» **Brief**:
Pictures excluded, retype the lines from the one containing "Bear Mountain began" through the last line of the data below, both included.

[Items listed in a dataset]
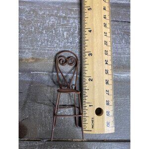 Dollhouse Miniature White Table 2 Chairs Potted Lucky Bamboo Plant Metal Chairs
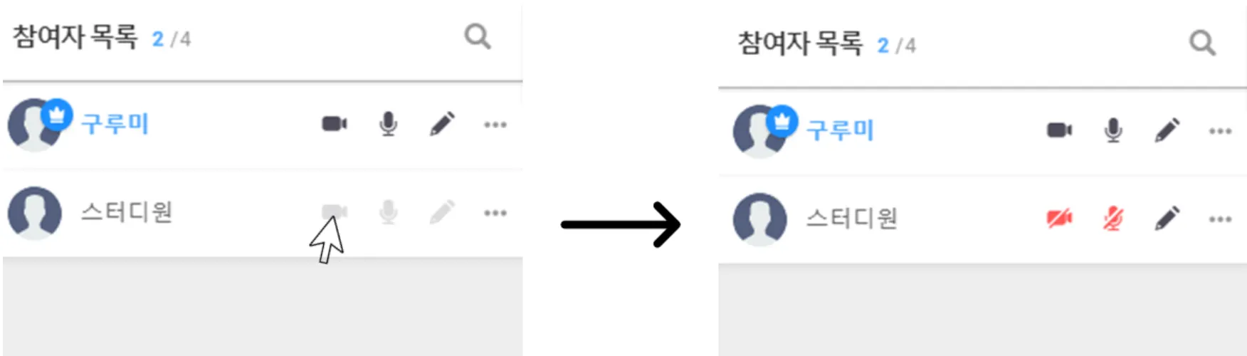 이 때, 우측 참여자 목록에 닉네임 옆 카메라 버튼이 회색으로 비활성화되어있지는 않은지 확인해주세요.
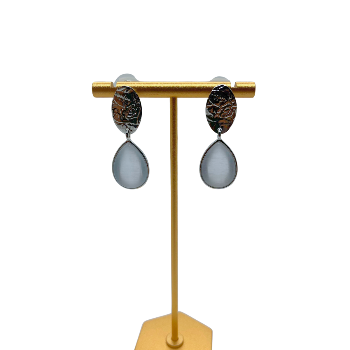 The Kyeora Sorceress's Rune Earrings will help you unleash your inner sorceress. This pair of earrings, which are the ethereal equivalent of our golden Oracle's Vision earrings, have a cool, polished silver disc that is finely carved with designs reminiscent of ancient, unknown runes. A luminous, moon-like stone dangles below, pulsing with silent strength, waiting for a magician or a destinarian.
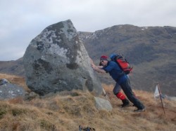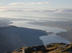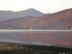 In the belief that this was a target for Units of Alcohol, the team made its way back over the humps and happily along to the Ballachulish Hotel, pausing only to replace a huge boulder which had fallen over. The evening sun turned the slopes above Onich and Loch Linnhe into a golden glow, as we set to work on our internal glows from satisfaction and uisge beatha.
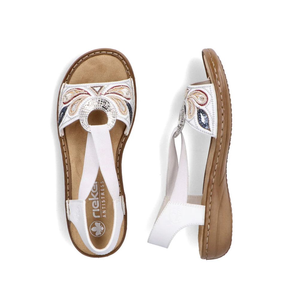 Ça prend de l'air ! Optez pour un confort maximal et un style ultime avec ces sandales à brides Rieker. La construction cousue rend la chaussure robuste et la semelle particulièrement flexible, sans abîmer la tige. La bande élastique facilite l'enfilage et le retrait. Grâce à la semelle légère et amortissante à talon compensé, vos pieds profiteront d'un confort optimal à chaque pas. La coupe slim E 1/2 épouse parfaitement la forme de la chaussure. Un pur luxe !
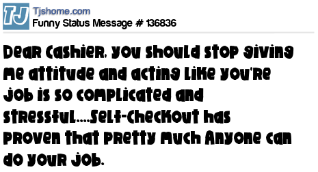 X Dear Cashier, you should stop giving me attitude and acting like you're job is so complicated and stressful....Self-Checkout has proven that pretty much Anyone can do your job.
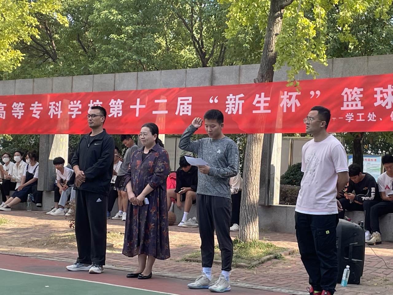 运动员代表邓佳松发言,承诺遵循“安全第一、友谊第二、比赛第三”的原则。裁判代表耿子奇郑重承诺裁判组将会遵守公平公正公开的原则,使篮球赛有序进行。郁超然老师强调了本次比赛的重要意义,以及遵守规则和体育道德的重要性。
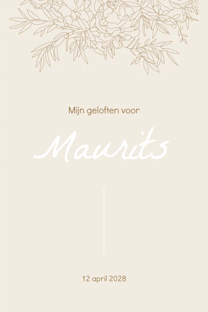 Prachtig stijlvol trouw geloftenboekje met een outline lijntekening van bloemen en goudfolie. De goudfolie geeft een luxe uitstraling aan het boekje. Typ je geloften uit of laat de binnenzijde blanco en schrijf zelf met de hand.
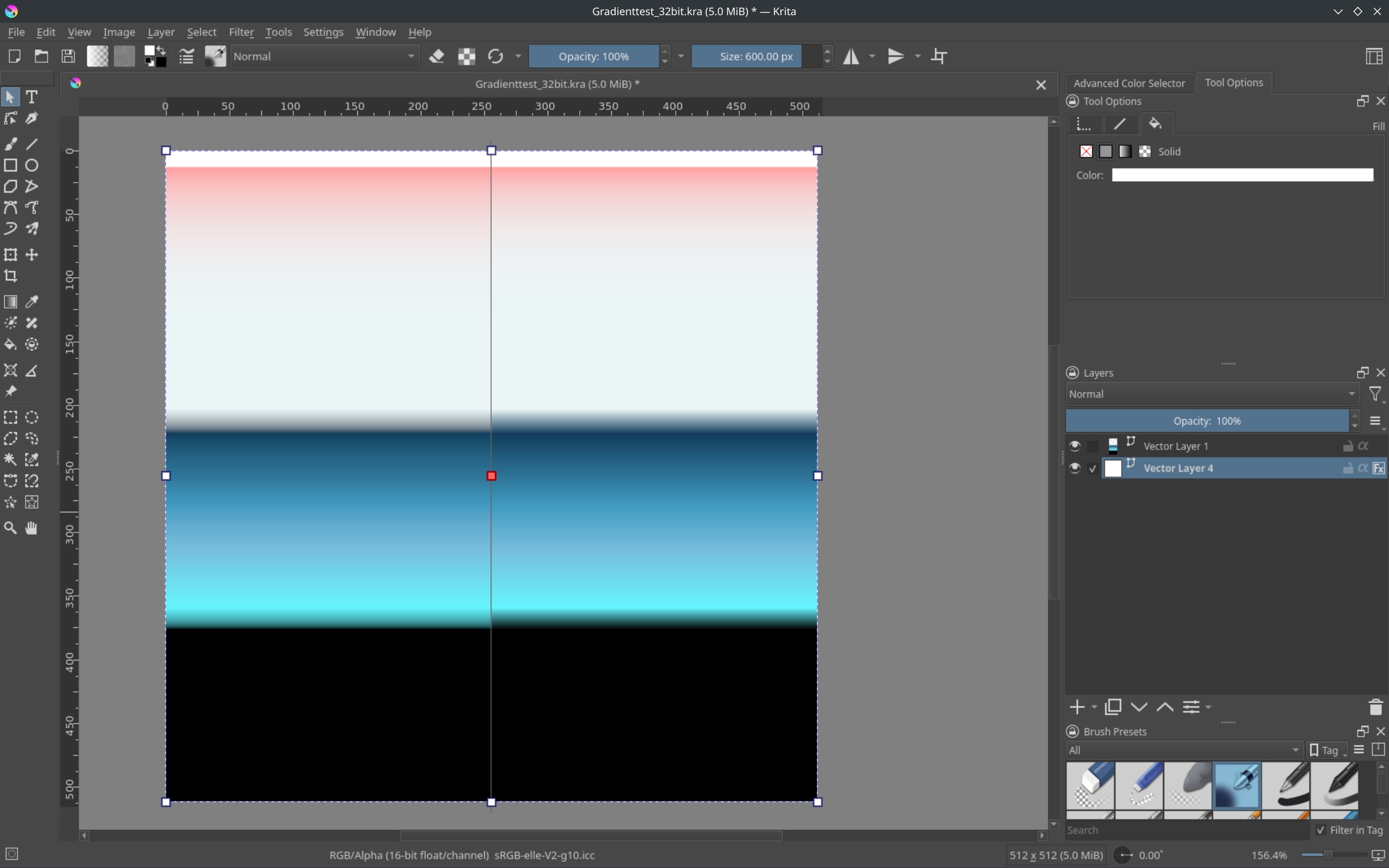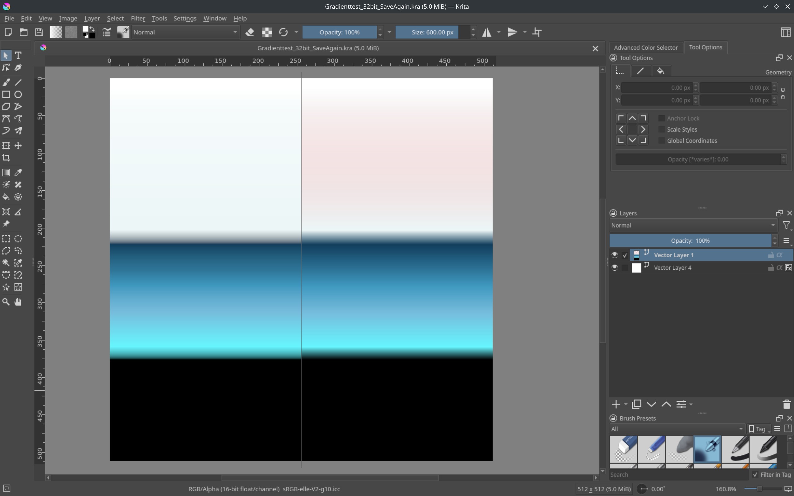 Gradients in Krita duplicate, alter, and display incorrectly after reopening a .kra file.
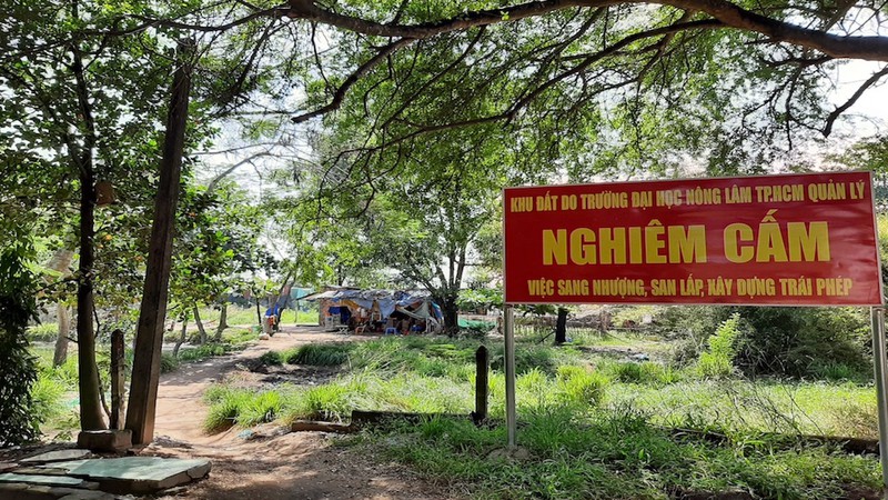 Theo ghi nhận thực tế của phóng viên VOV những ngày cuối tháng 11, tại khu vực cuối đường số 1 thuộc Trường Đại học Nông Lâm TPHCM (phường Linh Trung, quận Thủ Đức), ngoài các phân khu chức năng của các khoa thuộc trường đại học thì còn có nhiều nhà dân và dãy phòng trọ lợp mái tôn.
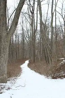 Bear Mountain began to be developed as a park in the early 20th century,[2] and began to expand around 1920, in part by purchasing property from the landowners in Doodletown, as did the separate but contiguous Harriman State Park, where a story that is analogous but less widely noted than Doodletown, concerns the nearby hamlet of Jones Point. By the 1950s, most of the Doodletown residents had moved away, many to nearby Stony Point or into southern Orange County. Those who refused to sell lost their land through eminent domain by 1965,[1] and most of the remaining structures were demolished or disassembled and moved out by the late 1960s. Debris was buried, the roads were closed, and the surrounding woods were allowed to grow over the properties. In the early 1970s, a dam was built on the Timp Brook, creating a sizable pond. The last remaining building, the stone school house, was kept as a shelter for hikers until vandalism caused the park commission to tear it down in 1980.[6]
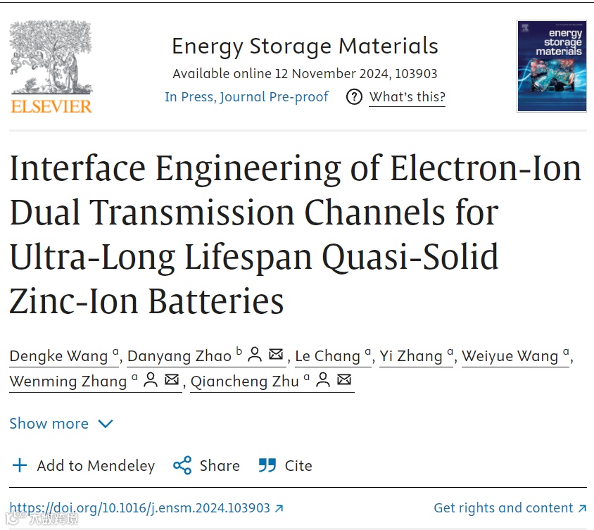 表面电子离子双传输通道实现超长寿命准固态锌离子电池
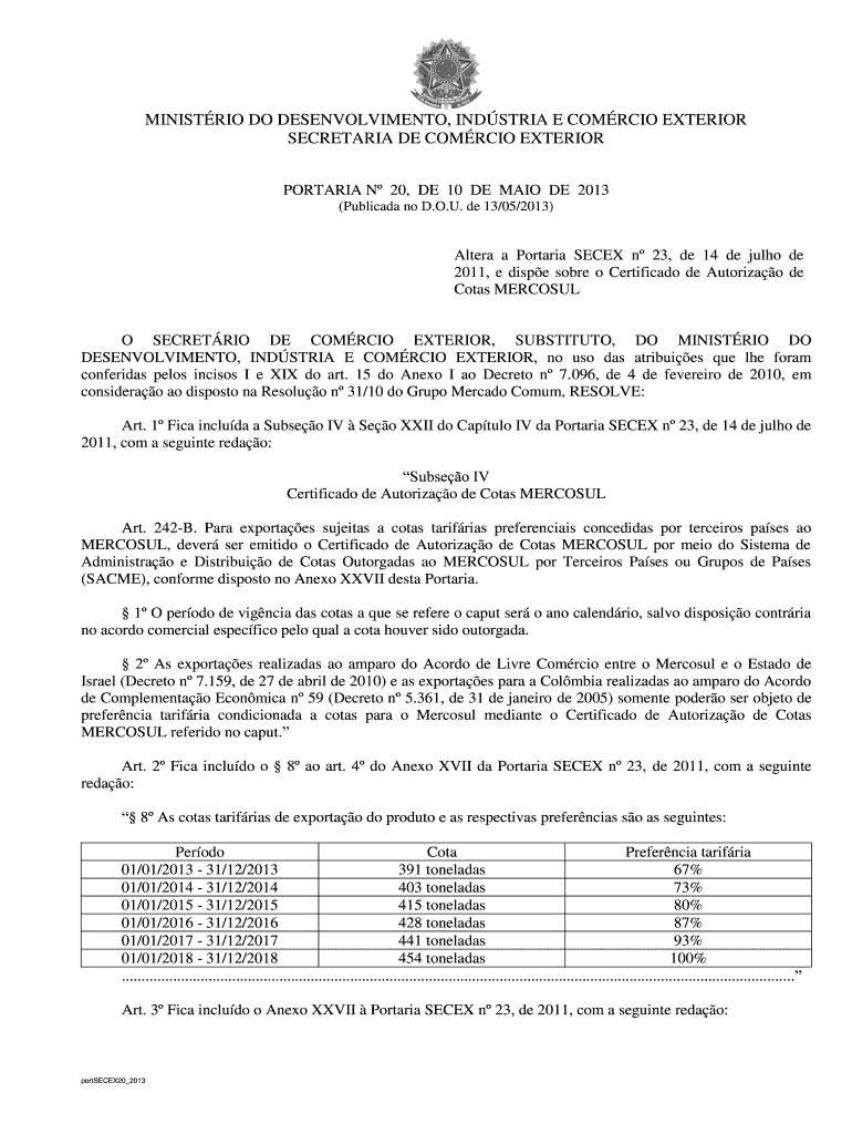 Get the free O SECRETRIO DE COMRCIO EXTERIOR, SUBSTITUTO, DO MINISTRIO DO
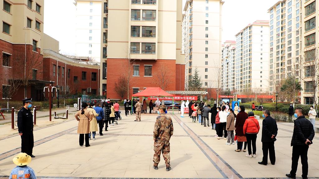演练现场,各采样点位设置明显标识,居民在工作人员的引导下,佩戴口罩,经过体温检测、健康码查验,按照“一米线”的提示有序排队,经登记、取样后快速离开现场。
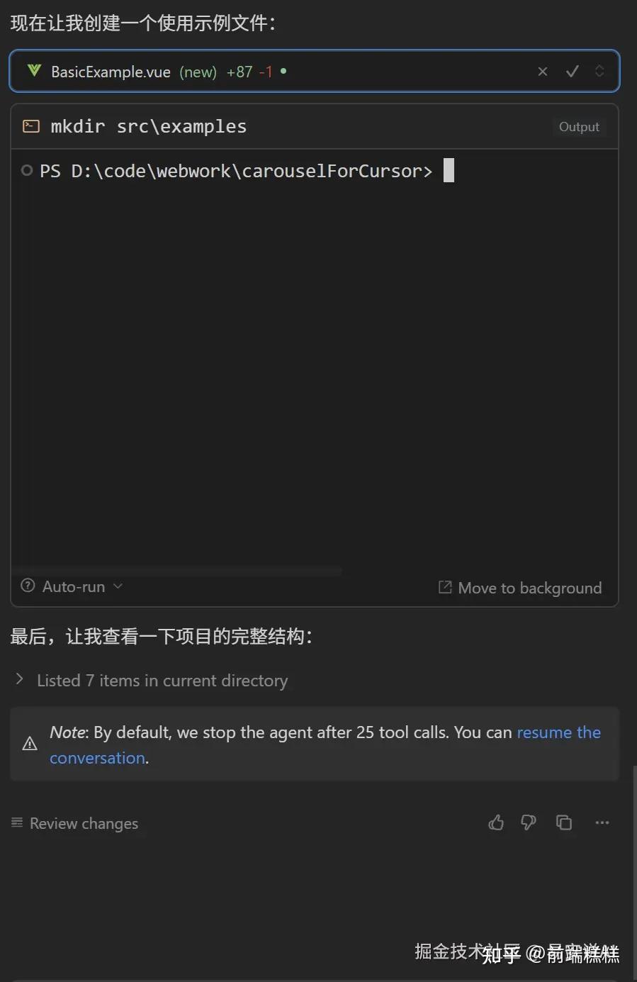 将提示词复制给 Cursor,使用 agent 模式,完全不需要我干预

» **Result below**:
 Bear Mountain began to be developed as a park in the early 20th century,[2] and began to expand around 1920, in part by purchasing property from the landowners in Doodletown, as did the separate but contiguous Harriman State Park, where a story that is analogous but less widely noted than Doodletown, concerns the nearby hamlet of Jones Point. By the 1950s, most of the Doodletown residents had moved away, many to nearby Stony Point or into southern Orange County. Those who refused to sell lost their land through eminent domain by 1965,[1] and most of the remaining structures were demolished or disassembled and moved out by the late 1960s. Debris was buried, the roads were closed, and the surrounding woods were allowed to grow over the properties. In the early 1970s, a dam was built on the Timp Brook, creating a sizable pond. The last remaining building, the stone school house, was kept as a shelter for hikers until vandalism caused the park commission to tear it down in 1980.[6]
 表面电子离子双传输通道实现超长寿命准固态锌离子电池
 Get the free O SECRETRIO DE COMRCIO EXTERIOR, SUBSTITUTO, DO MINISTRIO DO
演练现场,各采样点位设置明显标识,居民在工作人员的引导下,佩戴口罩,经过体温检测、健康码查验,按照“一米线”的提示有序排队,经登记、取样后快速离开现场。
 将提示词复制给 Cursor,使用 agent 模式,完全不需要我干预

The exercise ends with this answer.